The criminal complaint filed against the suspects on Tuesday portrayed Shnewer as a leader in the group, speaking most frequently in taped conversations about tactics. But his mother, Faten, said in an interview that the charges "made no sense."

She said that televised images from the war in Iraq had angered him, and she wondered whether, while he was watching the news, he had said something that was misinterpreted by the authorities.

"He's a good boy," she said as she stood in the doorway of a relative's home. "I'm proud of who we are."

Co-workers and relatives described him as shy with a sweet nature. "Mohamad was like a teddy bear," said Jaime Antrim, the manager of a restaurant in Marlton, N.J., where Shnewer once worked. He showed his religious devotion in some ways -- he would not eat pizza cut with a knife that had come into contact with pork -- but he served alcohol and did not break for the daily Muslim prayers.
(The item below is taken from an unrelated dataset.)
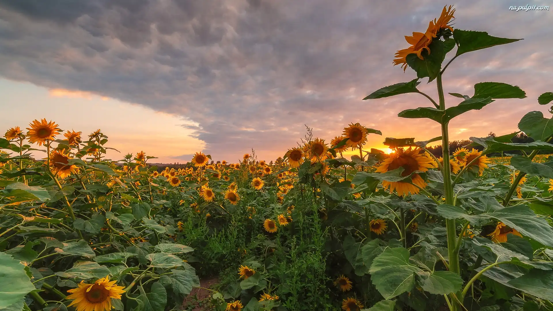 Chmury, Wschód słońca, Pole, Słoneczniki, Niebo Na Pulpit

Muslim Tatar, who owns the SuperMario's Pizza restaurant near Fort Dix, said his son Serdar had gravitated to radical Islam, prompting a rift between them. "I'm not a religious person," he said. "I don't want my son to be a religious person, but he was a religious person."

The family came to America from Turkey in 1992, settling in Cherry Hill. Muslim Tatar said that he believes that his son fell in with the wrong crowd when he met some of the other suspected plotters in high school. On at least one occasion, Tatar said, his son brought one of the suspected plotters to visit him at the pizza parlor in Cookstown, N.J.

"I told him, 'I don't like this kid, I don't want you together,' " Tatar recalled yesterday.

Though the criminal complaint says that Serdar Tartar became familiar with Fort Dix from delivering pizzas on the base and procured a map of the base in November, his wife said he had not worked at the restaurant in two years, and his father said SuperMario's has only been delivering to the base for three months.

After quitting SuperMario's, Serdar Tatar went to work at 7-Eleven and recently became manager of one of the chain's stores near Temple University in Philadelphia. His wife of a year, Khalida Mirzhyeiva, said that he worked long shifts and rarely went to the mosque. "He planned to have a child and a good family," Mirzhyeiva, 29, said in a telephone interview, which was translated from her native Russian by a neighbor. "He did not plan to kill anybody."